Gente furba, pensava Kenniston. Gli incaricati del decentramento dei laboratori atomici erano infatti stati molto furbi nel collocare quell’importante centro di ricerche in quella piccola cittadina industriale del Middle West.
Ma non abbastanza furbi, pensava.
No, certo. Non abbastanza furbi. Il nemico, ancora sconosciuto, doveva avere scoperto il segreto e aveva dato la prima mazzata proprio su quel centro nevralgico della difesa atomica, nascosto nella piccola città di Middletown.
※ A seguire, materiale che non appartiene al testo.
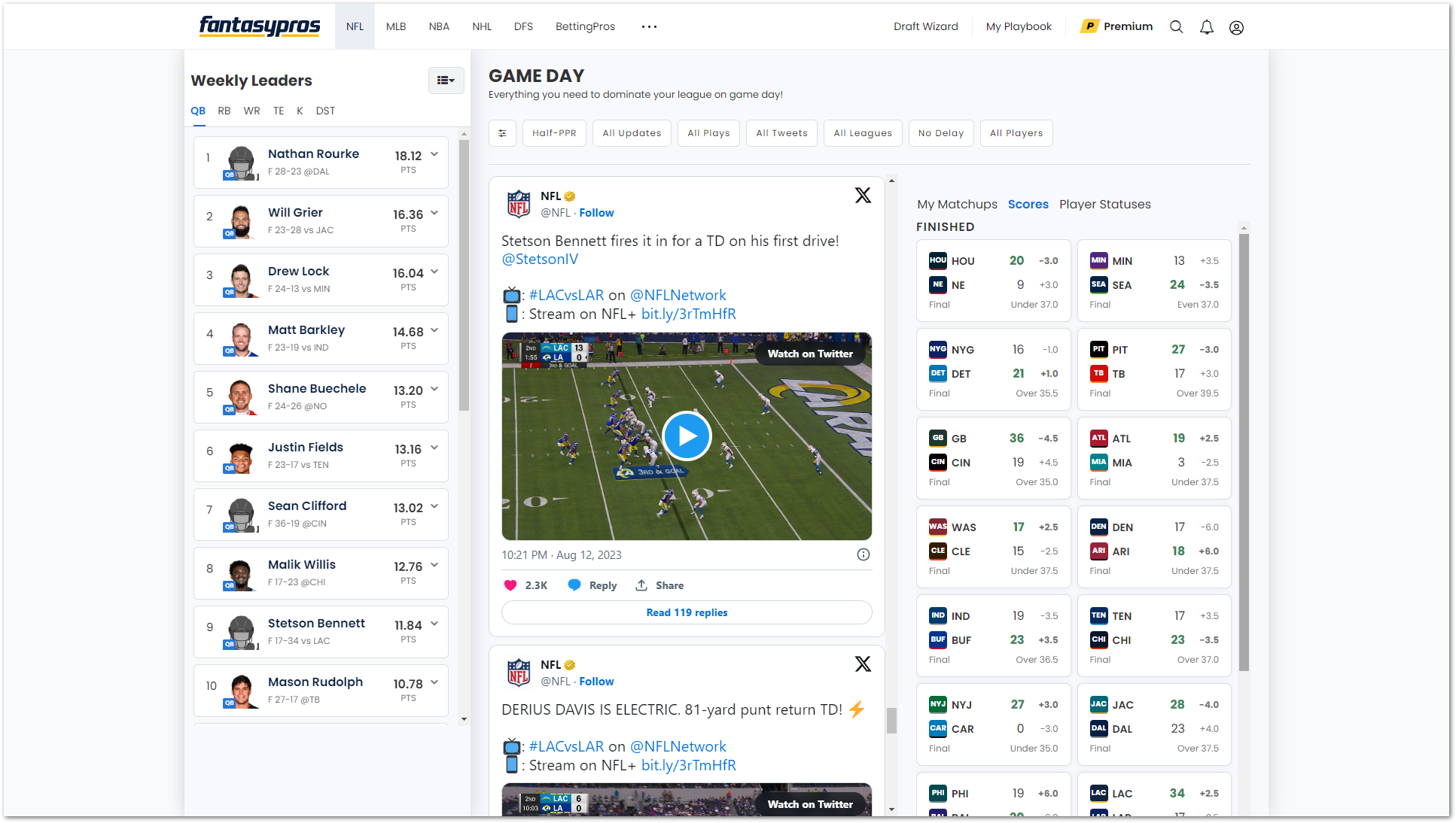 Game Day saw a number of QoL updates, including added support for your personal fantasy matchups, updated scores and stats, and live tweet integration.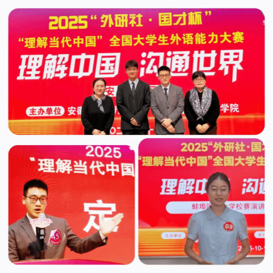 2025年“外研社·国才杯”“理解当代中国”全国大学生外语能力大赛英语组国际传播综合能力赛项全国决赛于12月8日圆满落幕。我校2022级临床医学专业姚镇镇(指导教师:夏娟、张海燕、曹静)、2024级医学影像专业周紫嫣(指导教师:陈晓明、陈晓倩、张劲松)在荣获省级一等奖的基础上再接再厉,于国赛中分获银奖与铜奖,创下我校在该赛事中历史最佳成绩。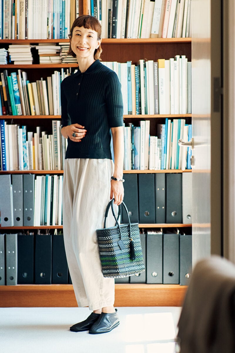 リブポロニット¥30,800 /スローン(ザ ショップ スローン 神戸)、パンツ¥16,500 /かぐれ(かぐれ ジョイナス横浜店)、かごバッグ¥15,950/ウーブン(アースマーケティング)、シューズ¥35,200 /プレインピープル(プレインピープル青山)、ブレスレット¥13,200、リング¥14,300 /ともにクロディーヌ・ヴィトリー(アッシュ・ペー・フランス)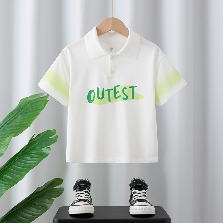 子供の 2025 夏の新しいポロシャツレタープリントベビーボーイラペル Tシャツ半袖小、中、大子供服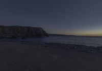 This is an image of the moon rising over the ocean in Portugal, Europe. The coastal landscape shows rocks in the foreground with waves crashing against them. The clear sky transitions from dark to approaching dawn. The photo captures the peacefulness and natural beauty of the open space and the calming sound of the ocean waves. This image is a perfect representation of the serene coastal terrain in Portugal.

Una superatomica, per annientare quel centro nevralgico, prima ancora che la guerra scoppiasse. Solo che la superatomica aveva fatto cilecca. Ma era poi vero? Il sole era un sole diverso. E l’aria era fredda e strana.
Crisci incontrò Kenniston all’ingresso dell’edificio centrale. Crisci era il membro più giovane del personale scientifico. Era un uomo alto, dai capelli neri. Cercava di celare la propria emozione con un’aria indifferente.
«Sembra che sia cominciata» disse, rivolgendo a Kenniston un sorriso. «Il cataclisma atomico! I fuochi d’artificio di fine spettacolo!» Poi, il suo viso si fece serio. «Ma perché quella bomba non ci ha polverizzati, Kenniston? Ne capisci qualche cosa, tu?»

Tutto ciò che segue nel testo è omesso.